Review: The Mysterious Gaze of the Flamingo
- CANNES 2025: The desert puts on its gala clothes in Diego Céspedes' first feature, a queer film in which desire, love and death intertwine in a baroque spectacle tinged with a western atmosphere

"I'm going to show you a parade of my entire bestiary. They'll be showing off their art, their seduction, their beauty, their kindness, their talent and, of course, their mischief." With his first feature film, The Mysterious Gaze of the Flamingo [+see also:
interview: Diego Céspedes
film profile], unveiled in Un Certain Regard at the 78th Cannes Film Festival, Chilean filmmaker Diego Céspedes demonstrates his indisputable gifts as a filmmaker with a flamboyant, queer take on a rather risky subject, in a quirky style on the edge of storytelling and westerns - the AIDS epidemic in the early 80s, with its trail of unfounded, fantastical rumours stigmatising and ostracising the homosexual community.

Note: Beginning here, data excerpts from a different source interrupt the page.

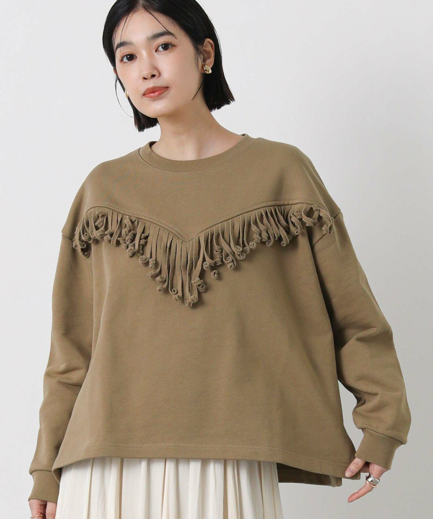 【+81BRANCA(ハチイチブランカ)】から、フリンジを効かせた存在感のあるスウェットをセレクト。
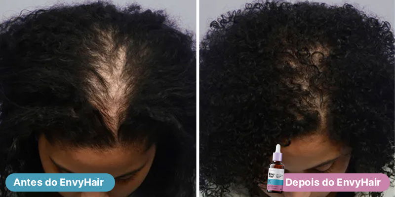 "Depois do tratamento do câncer, meu cabelo ficou super frágil, ralo, e tive a perda total dos cabelos. Ganhei um EnvyHair de presente da minha filha. Super fácil de aplicar, aplicava em todo o coro cabeludo e massageava… e nossa! Meu cabelo começou a crescer. Os primeiros fiozinhos começaram a aparecer após poucas semanas de uso Achei que logo fosse cair, mas não, nasceram fortes. A aprendi a conviver com a aparencia sem cabelos, mas me incomodava. Hoje olho no espelho e vejo meu cabelo voltando, cheio de vida. Esse óleo é um presente.
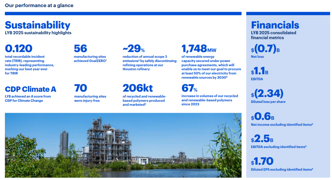 面对2025年销售额下降10%(至301亿美元)及出现净亏损的财务压力,LYB对其可持续发展战略进行了“刷新”。首席可持续发展官Andrea Brown指出,新的框架旨在更清晰地展示可持续性如何驱动商业价值。
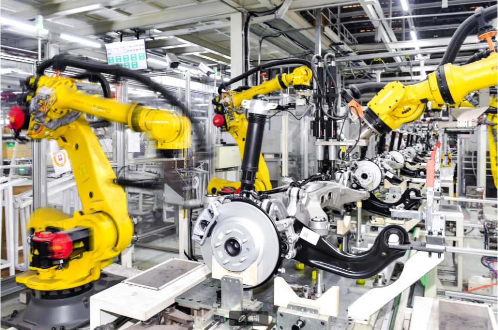2024年4月24日,在位于吉林长春的中国一汽红旗制造中心蔚山厂区总装车间内,生产线上的智能机械臂对车辆后桥进行装配作业。 新华社记者 许畅 摄
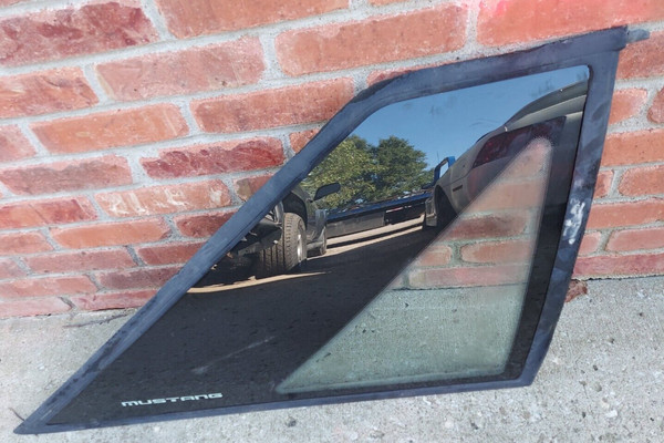 A used quarter glass out of a 1987-1993 Ford Mustang Hatchback. This is for the passenger RH side. The rubber and glass is in used condition for its age. The rubber is sun baked so it is useable but rough.
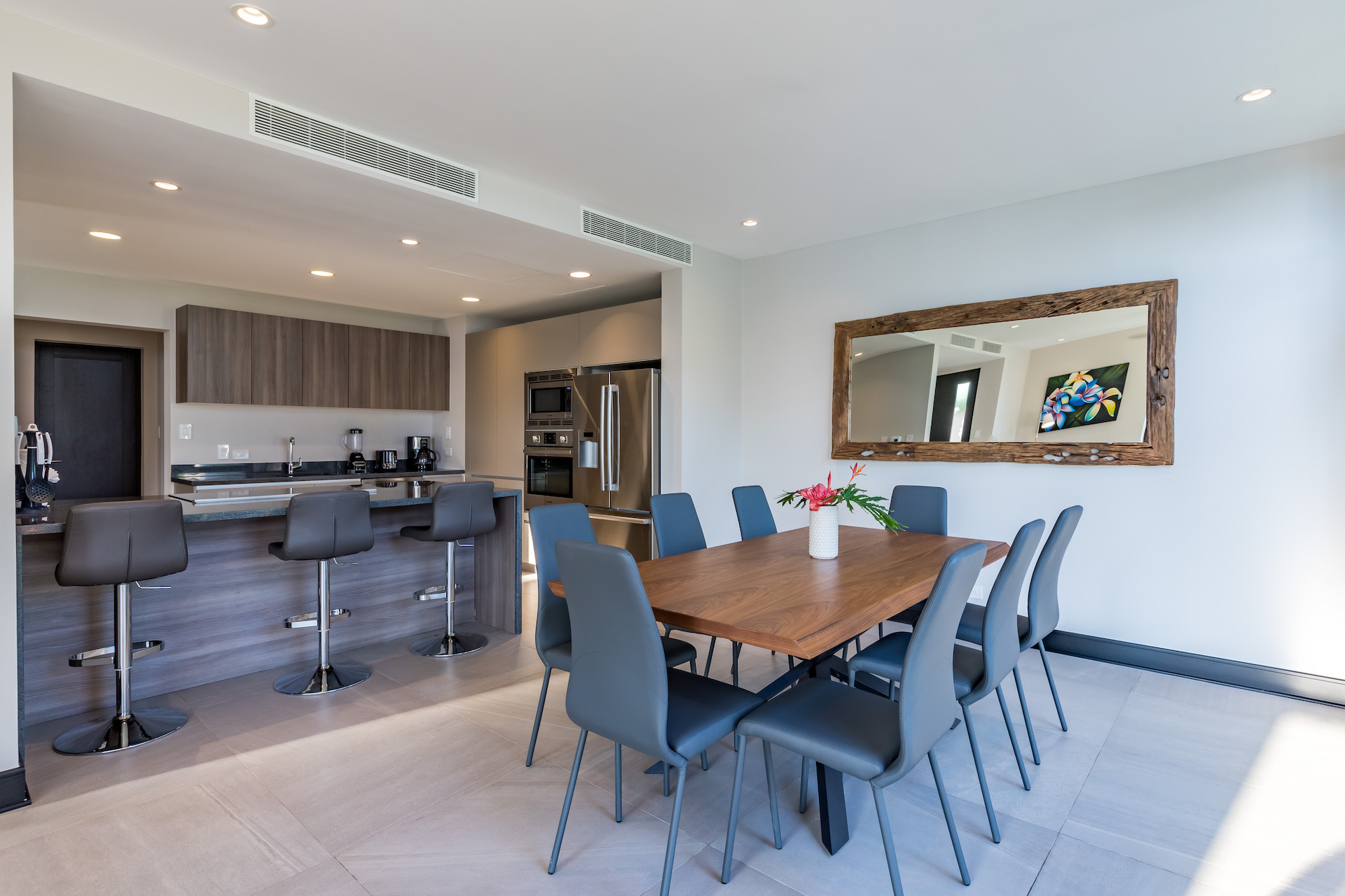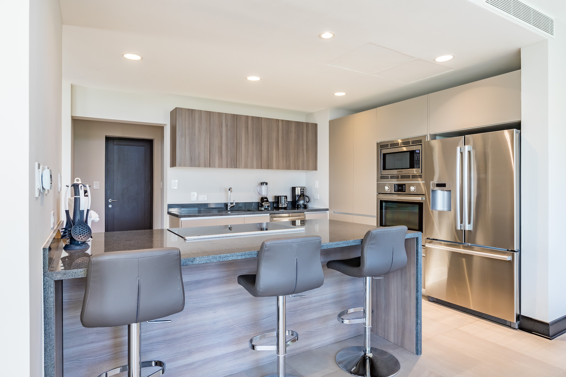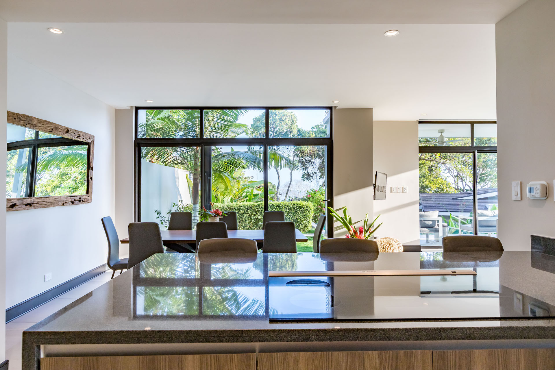 The development’s seamless blend of modern architecture into the rainforest canopy has given rise to life in a luxurious treehouse, bordered by the unrestricted passage of vibrant rainforest life. Privacy design features separate community life from a meditational outward focus, with floor-to-ceiling windows that frame breathtaking views of the rainforest canopy and Costa Ballena shore.
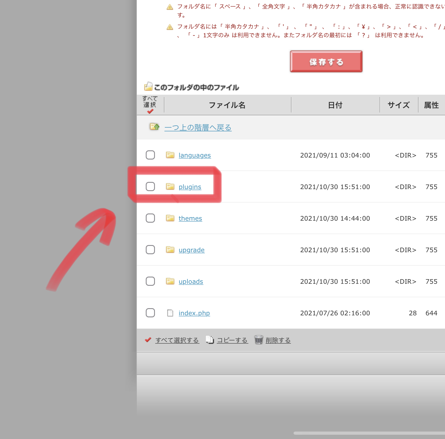「plugins」の中には名前通りインストールしたプラグインが入っているのでその中からログインURLを変更するプラグイン(私の場合は「SiteGuard WP Plugin」を入れていたので「siteguard」)にチェックを入れて、下の「削除する」をクリックします。
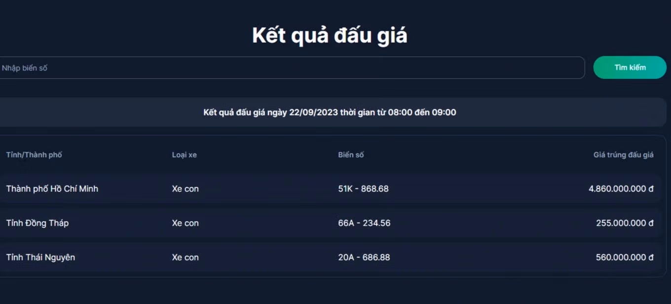 Trước đó, Báo Đại Đoàn Kết đã đưa tin trong phiên đấu giá từ 8h đến 9h sáng 21/9 lần lượt 3 biển số đã được đấu giá gồm: 68A-299.99 trúng đấu giá với mức tiền 2,55 tỷ đồng; 20A-688.88 trúng đấu giá với mức tiền 1,2 tỷ đồng; 49A-599.99 trúng đấu giá với mức tiền 640 triệu đồng.
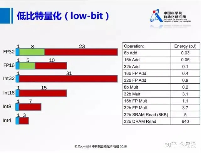 第三个方面是低比特量化,上图展示了具体操作方法。目前的低比特量化方法和上面提到的低秩分解、网络剪枝这两种方法是可结合的。左侧是不同的比特数在计算机上的存储方式,右侧是不同操作的功耗。可以看出来低比特的功耗远远小于高比特浮点数操作的功耗。

The director's approach to this drama, which is clouded by the shadow of death and also raises questions of sexual identity, is baroque and in the tone of love. For we are in the middle of the desert, in northern Chile in 1982, in the deepest isolation. Just a stone's throw from a mining hamlet of deprived shacks stands Alaska House, a cabaret where crossdressers live: the leader Boa (the charismatic Paula Dinamarca), the very seductive Flamingo (the excellent Matías Catalan), Eagle, Lioness, Star, Piranha and Chinchillas. Then there's Lidia (Tamara Cortes), an 11-year-old abandoned child adopted by Pink Flamingo and all the other members of this very eccentric "family", who, between swimming and shows full of frills, don't hesitate to pull their punches, if necessary, in an exclusively male and very rough environment.

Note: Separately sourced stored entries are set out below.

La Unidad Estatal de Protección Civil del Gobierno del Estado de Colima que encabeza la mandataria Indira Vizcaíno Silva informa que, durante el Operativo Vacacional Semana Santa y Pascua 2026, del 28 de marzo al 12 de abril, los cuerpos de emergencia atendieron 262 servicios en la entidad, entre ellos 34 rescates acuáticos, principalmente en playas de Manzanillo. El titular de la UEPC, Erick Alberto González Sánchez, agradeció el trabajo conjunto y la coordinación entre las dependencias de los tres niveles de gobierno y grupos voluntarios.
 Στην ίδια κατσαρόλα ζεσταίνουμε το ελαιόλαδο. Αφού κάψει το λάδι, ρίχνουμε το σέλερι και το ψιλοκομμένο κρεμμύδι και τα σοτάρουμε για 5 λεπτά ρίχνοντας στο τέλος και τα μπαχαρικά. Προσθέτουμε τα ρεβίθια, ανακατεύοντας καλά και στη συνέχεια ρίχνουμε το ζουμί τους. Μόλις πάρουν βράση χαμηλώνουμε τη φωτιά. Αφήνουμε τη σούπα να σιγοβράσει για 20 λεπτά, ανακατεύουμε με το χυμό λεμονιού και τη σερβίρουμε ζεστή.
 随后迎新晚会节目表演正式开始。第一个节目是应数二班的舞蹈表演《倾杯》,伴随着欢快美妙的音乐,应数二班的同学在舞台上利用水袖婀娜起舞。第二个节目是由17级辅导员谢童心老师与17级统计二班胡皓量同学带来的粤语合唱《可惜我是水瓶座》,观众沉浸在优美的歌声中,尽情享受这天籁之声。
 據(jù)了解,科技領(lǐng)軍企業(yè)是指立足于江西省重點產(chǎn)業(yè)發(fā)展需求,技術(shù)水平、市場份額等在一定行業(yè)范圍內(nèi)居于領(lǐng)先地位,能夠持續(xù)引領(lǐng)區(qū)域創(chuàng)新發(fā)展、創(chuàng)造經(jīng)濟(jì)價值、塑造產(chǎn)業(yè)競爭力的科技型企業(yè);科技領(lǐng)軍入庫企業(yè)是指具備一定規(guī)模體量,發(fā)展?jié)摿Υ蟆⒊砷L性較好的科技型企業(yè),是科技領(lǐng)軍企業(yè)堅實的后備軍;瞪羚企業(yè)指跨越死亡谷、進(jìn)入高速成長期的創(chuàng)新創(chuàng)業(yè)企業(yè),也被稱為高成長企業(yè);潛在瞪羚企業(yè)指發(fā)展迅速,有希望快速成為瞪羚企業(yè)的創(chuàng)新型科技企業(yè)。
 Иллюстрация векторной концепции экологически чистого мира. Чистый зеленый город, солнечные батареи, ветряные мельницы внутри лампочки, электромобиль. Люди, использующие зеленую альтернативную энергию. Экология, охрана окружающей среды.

"The plague will infect you." Ignorance and guilt, fear and cowardice have given rise to a local legend: miners are said to fall ill when they meet the gaze of the House's inhabitants. Bodies are burnt, eyes are blindfolded, paranoia and insults reign, but nothing can be done about the passion between Yovani (Pedro Muñoz) and Flamingo or between Clemente (Luis Tato Dubo) and Boa. However, when there are hunters and prey, ‘blood and semen’, death and love intertwine in the dark corners of the lagoon. And young Lidia tries to make sense of it all, supported by her young friend Julio (Vicente Caballero)...
“I'm going to tell you what I know and you're going to imagine it.” By infusing his film with a pre-adolescent girl's quest for explanations and truth, Diego Céspedes invents his own cinematic territory, halfway between raw realism tinged with the western atmosphere and theatrical surrealism, all set against a sumptuous natural backdrop with a beautiful score by Florencia di Concilio. It's an aesthetic that adds to the appeal of a film whose allegorical dimension isn't exactly revolutionary, but which lives up to its promise as a daring crossover and a tribute to the rebellious, loving spirit (despite the suffering) of a close-knit community: “I may be a whore, a thief, a liar, but I'll never be a deserter”.
The Mysterious Gaze of the Flamingo was produced by Quijote Fims and Les Valseurs, co-produced by Arte France Cinéma, Weydemann Bros, Irusoin and Wrong Men. Charades will handle international sales.